Anyway, here's what Edmund Conway of the Telegraph has to say:
His policies even have the potential to consign the US to a similar fate as Argentina, which suffered a painful and humiliating slide from first to Third World status last century, the paper says.
There are "troubling similarities" between the US President's actions since taking office and those which in the 1930s sent the US and much of the world spiralling into the worst economic collapse in recorded history, says the new pamphlet, published by the Institute of Economic Affairs.
In particular, the authors, economists Charles Rowley of George Mason University and Nathanael Smith of the Locke Institute, claim that the White House's plans to pour hundreds of billions of dollars of cash into the economy will undermine it in the long run.

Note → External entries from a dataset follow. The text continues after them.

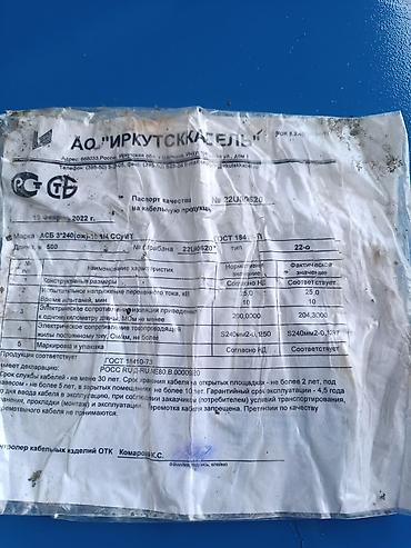 Продаю кабель АСБ 3*240(ож)-10 1/4ССуИТ. Длина 500 метр в каждом барабане! В наличии 3 барабана 1500 метр. Цена ниже рыночных 1700 сом за метр!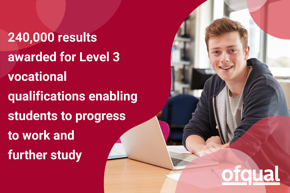 240,000 results awarded for Level 3 vocational qualifications enabling students to progress to work and further study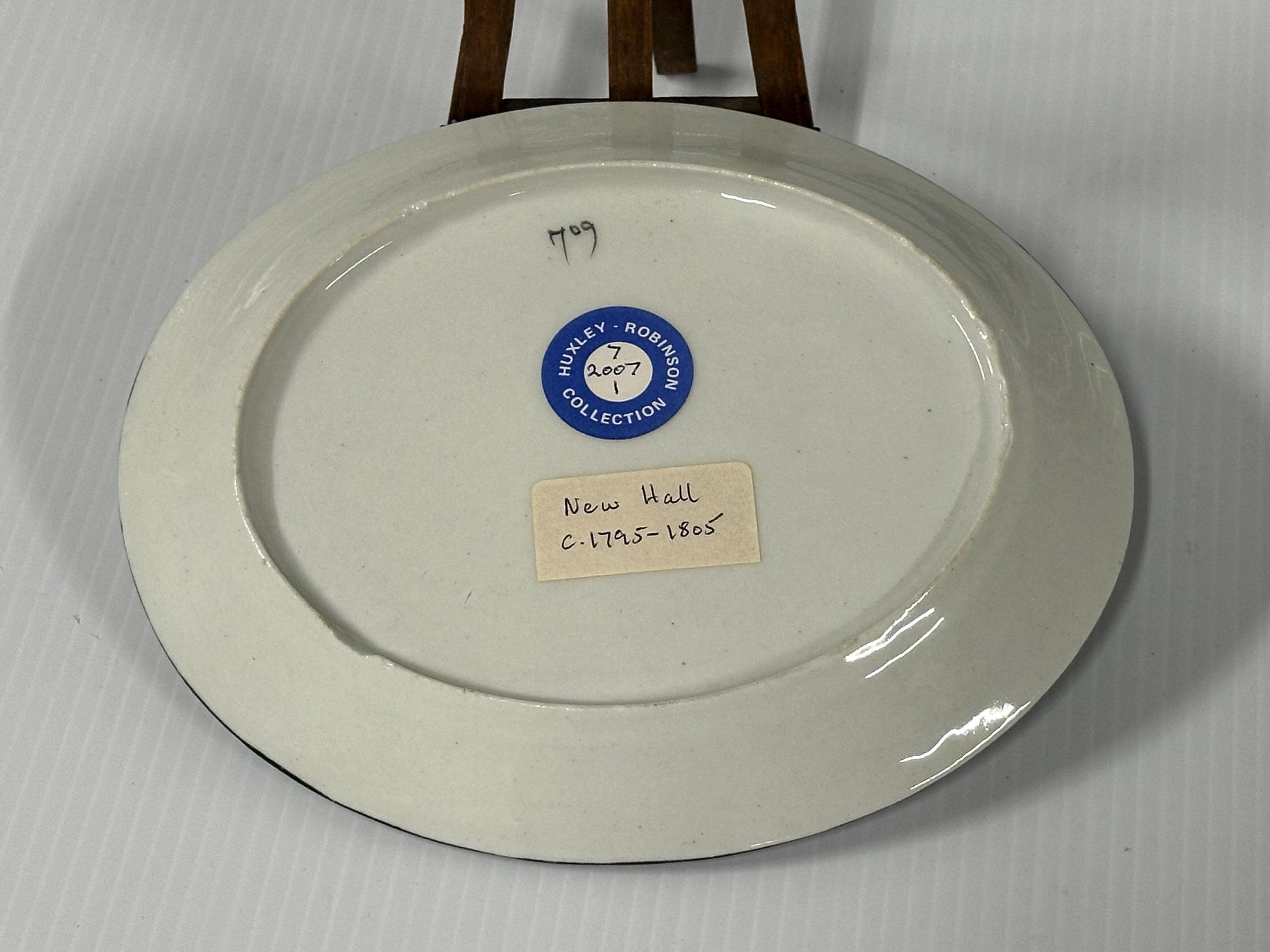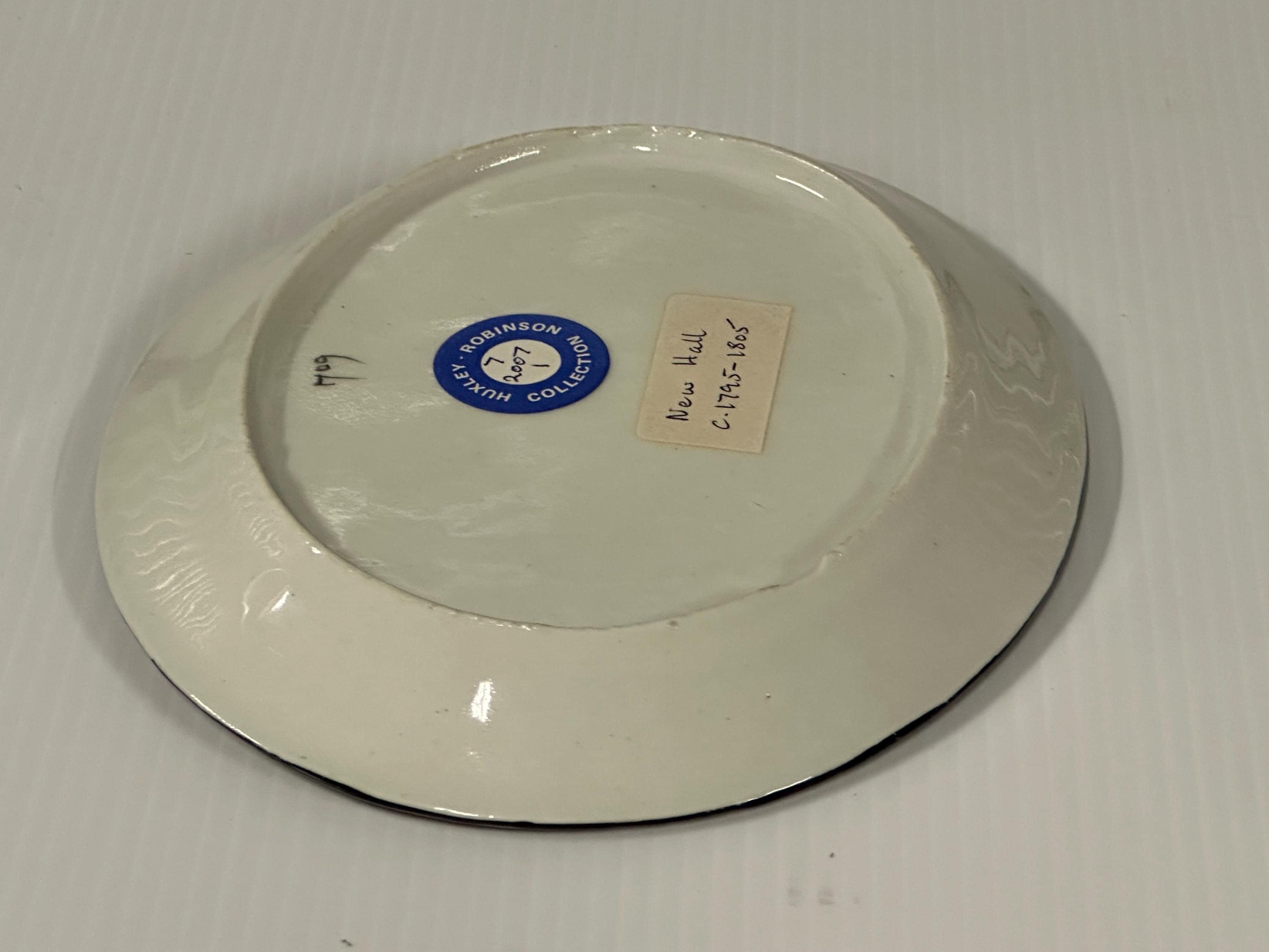 The plate has a creamware body with a black-lined rim, consistent with New Hall production of the period. The reverse bears an old Huxley-Robinson Collection label and a handwritten attribution noting New Hall and the date range, adding to its provenance and collectability.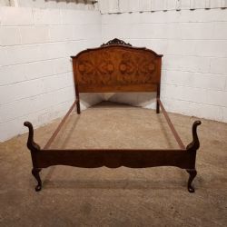 ANTIQUE EDWARDIAN MAHOGANY INLAID PARQUETRY DOUBLE BED C1900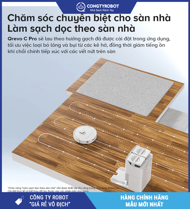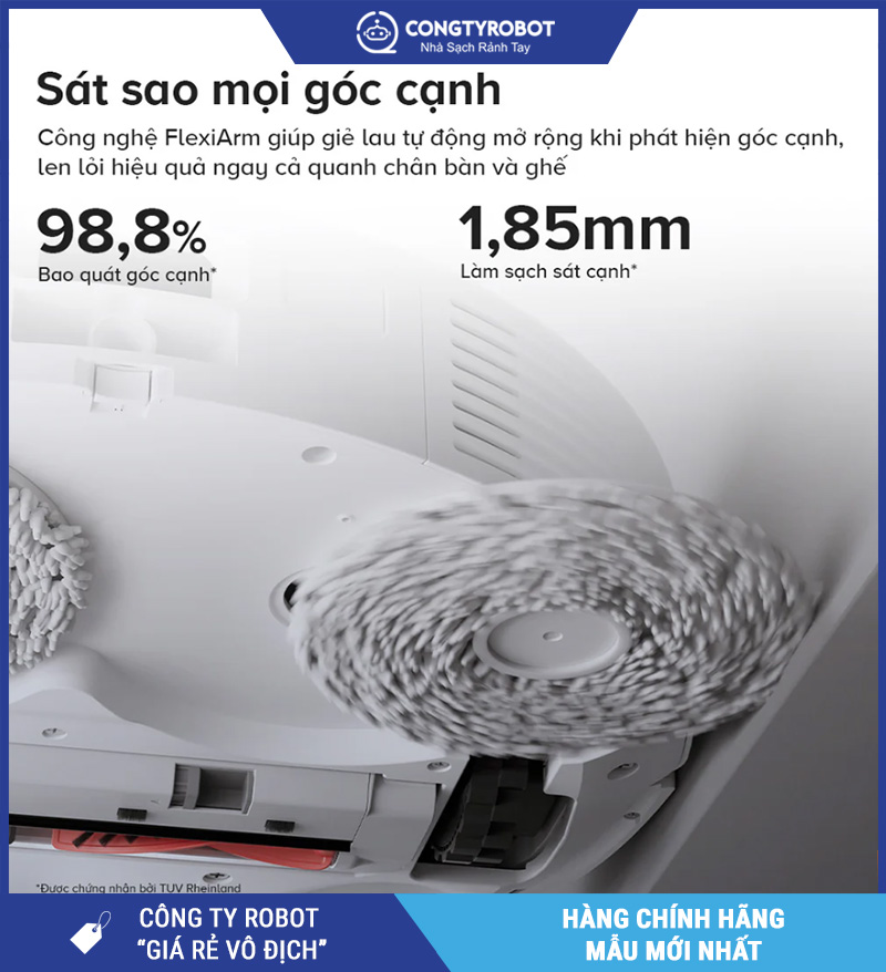 Một điểm robot hay “bỏ sót” là sát mép tường, chân tủ, chân sofa—nơi bụi và tóc thường dồn lại. Roborock Qrevo C Pro trang bị cây lau FlexiArm có khả năng vươn ra khi gặp cạnh/góc, giúp tăng vùng tiếp xúc để lau sát mép tốt hơn.

They say that by employing deficit spending and increased state intervention President Obama will ultimately hamper the long-term growth potential of the US economy and may risk delaying full economic recovery by several years.

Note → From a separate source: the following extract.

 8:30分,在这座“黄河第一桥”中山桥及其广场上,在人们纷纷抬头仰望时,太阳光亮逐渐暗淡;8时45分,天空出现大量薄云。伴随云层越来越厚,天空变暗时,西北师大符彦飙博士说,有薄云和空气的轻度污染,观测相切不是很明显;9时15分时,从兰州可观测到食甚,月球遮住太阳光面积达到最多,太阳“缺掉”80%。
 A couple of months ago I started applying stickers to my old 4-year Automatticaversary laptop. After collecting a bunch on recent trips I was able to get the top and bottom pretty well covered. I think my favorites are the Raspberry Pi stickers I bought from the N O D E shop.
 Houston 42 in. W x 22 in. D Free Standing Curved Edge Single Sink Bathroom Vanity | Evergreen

Excellent. The title of the Telegraph piece may slightly overplay the 'Depression' analogy -- while we do identify some similarities with policies from the Depression era, monetary policy is (no thanks to Obama) just the opposite, and we haven't seen anything like the crazy tax hikes of Hoover and FDR yet though there are some ominous signs -- but this last paragraph nicely captures a central argument of the book. Conway continues:
The study represents a challenge to the widely held view that Keynesian fiscal policies helped the US recover from the Depression which started in the early 1930s. The authors say: "[Franklin D Roosevelt's] interventionist policies and draconian tax increases delayed full economic recovery by several years by exacerbating a climate of pessimistic expectations that drove down private capital formation and household consumption to unprecedented lows."

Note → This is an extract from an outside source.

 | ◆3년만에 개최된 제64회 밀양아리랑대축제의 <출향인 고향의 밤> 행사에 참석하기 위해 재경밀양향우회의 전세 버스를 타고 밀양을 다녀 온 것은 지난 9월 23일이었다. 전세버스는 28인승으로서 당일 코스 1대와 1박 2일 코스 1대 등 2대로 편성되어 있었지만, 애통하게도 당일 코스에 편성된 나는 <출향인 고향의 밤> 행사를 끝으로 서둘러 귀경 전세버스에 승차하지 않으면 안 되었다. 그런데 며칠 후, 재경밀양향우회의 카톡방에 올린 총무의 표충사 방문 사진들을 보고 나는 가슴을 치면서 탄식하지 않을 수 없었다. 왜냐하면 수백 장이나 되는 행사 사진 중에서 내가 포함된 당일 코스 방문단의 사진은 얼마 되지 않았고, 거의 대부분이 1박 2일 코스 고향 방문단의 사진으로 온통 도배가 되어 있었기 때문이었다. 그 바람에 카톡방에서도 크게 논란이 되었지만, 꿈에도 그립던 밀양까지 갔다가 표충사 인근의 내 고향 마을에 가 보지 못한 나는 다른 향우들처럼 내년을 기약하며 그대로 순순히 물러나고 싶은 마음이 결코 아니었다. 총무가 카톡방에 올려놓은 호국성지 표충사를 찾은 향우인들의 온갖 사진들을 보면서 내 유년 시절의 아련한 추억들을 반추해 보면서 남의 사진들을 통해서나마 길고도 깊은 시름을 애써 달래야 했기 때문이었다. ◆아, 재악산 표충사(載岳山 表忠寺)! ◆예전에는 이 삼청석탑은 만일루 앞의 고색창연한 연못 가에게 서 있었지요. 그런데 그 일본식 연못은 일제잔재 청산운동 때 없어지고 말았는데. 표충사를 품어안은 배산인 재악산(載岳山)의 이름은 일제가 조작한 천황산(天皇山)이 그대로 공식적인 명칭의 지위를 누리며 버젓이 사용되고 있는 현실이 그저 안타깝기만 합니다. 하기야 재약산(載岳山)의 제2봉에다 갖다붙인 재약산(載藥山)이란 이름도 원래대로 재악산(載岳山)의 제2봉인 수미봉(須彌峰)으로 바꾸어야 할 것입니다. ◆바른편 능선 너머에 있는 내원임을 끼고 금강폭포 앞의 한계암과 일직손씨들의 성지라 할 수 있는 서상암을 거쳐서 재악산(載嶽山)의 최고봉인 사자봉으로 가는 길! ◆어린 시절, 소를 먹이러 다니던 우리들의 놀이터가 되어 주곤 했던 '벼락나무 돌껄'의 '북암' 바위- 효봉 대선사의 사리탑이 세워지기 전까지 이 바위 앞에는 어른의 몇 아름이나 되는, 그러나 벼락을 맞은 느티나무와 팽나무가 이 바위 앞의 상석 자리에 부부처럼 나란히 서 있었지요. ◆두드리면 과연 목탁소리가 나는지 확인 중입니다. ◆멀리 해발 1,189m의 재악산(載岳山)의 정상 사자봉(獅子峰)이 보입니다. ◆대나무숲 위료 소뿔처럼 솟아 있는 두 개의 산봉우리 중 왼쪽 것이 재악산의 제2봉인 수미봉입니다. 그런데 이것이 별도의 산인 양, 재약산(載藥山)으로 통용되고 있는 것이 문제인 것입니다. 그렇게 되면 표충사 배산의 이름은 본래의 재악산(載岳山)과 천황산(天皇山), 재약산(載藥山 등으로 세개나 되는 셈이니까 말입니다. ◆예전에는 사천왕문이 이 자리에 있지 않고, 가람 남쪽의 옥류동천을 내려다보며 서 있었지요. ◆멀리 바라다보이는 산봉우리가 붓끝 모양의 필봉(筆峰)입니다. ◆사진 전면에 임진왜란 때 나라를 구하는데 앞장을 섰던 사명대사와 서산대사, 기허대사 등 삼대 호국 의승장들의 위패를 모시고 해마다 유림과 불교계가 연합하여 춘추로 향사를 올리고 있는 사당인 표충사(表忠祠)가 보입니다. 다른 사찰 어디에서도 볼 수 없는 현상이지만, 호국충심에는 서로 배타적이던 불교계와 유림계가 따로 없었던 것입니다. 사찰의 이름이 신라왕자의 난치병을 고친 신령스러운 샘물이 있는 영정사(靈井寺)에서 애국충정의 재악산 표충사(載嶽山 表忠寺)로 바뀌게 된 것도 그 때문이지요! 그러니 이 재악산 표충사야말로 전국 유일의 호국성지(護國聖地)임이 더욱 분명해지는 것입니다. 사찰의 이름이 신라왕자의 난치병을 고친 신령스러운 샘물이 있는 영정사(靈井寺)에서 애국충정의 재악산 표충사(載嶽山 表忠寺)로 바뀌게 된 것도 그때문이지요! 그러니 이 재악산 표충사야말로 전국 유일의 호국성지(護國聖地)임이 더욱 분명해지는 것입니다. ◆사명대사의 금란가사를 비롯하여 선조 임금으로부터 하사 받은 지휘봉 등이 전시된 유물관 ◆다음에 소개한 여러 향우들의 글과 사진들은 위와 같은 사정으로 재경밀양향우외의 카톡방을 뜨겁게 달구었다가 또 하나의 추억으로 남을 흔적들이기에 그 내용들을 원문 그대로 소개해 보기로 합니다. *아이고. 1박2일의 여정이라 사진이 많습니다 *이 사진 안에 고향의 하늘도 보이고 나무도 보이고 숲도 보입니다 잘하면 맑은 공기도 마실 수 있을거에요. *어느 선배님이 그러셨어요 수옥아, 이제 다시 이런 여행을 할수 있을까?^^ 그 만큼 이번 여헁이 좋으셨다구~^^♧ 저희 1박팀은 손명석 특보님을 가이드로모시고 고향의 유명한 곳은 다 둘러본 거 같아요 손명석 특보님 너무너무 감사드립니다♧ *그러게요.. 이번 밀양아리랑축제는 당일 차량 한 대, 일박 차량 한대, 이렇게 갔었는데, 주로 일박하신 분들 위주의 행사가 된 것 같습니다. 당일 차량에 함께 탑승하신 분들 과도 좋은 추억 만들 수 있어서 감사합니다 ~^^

Heh. If Rowley and I get credit for debunking the myth that FDR's Keynesian New Deal got us out of the Great Depression, that would be as unfair as Columbus getting credit for debunking the myth that the world is flat. To our cost, this myth remains potent at the popular level, but among economists I don't think even Paul Krugman would defend it. Rather, Keynesians claim that WWII got us out of the Great Depression. This is also debatable -- "GDP" grew, but should bombs and guns and tanks count as GDP, when they don't contribute to human happiness; or if they do count as GDP, don't we need some more appropriate way of measuring the economy's contribution to human well-being, which would likely put paid to the odd notion that WWII was an economic golden age? -- but it has no bearing on the episode Rowley and I deal with, namely the 1930s. It's rather odd that at this late date anyone can make headlines with what ought to be a truism, namely that the New Deal exacerbated, rather than "got us out of," the Great Depression, but if that's still news to a lot of people, then those headlines need to be made. Conway continues:
Although the authors support the Federal Reserve's moves to slash interest rates to just above zero and embark on quantitative easing, pumping cash directly into the system, they warn that greater intervention could set the US back further...
And then proceeds with quotes from Rowley and Buchanan, already quoted above in this post. I'm glad that the message is clear that we support quantitative easing. On that point we're basically Milton Friedman-type monetarists. Too bad our advocacy of immigration reform and Social Security reform doesn't seem to be making it into the reviews so far!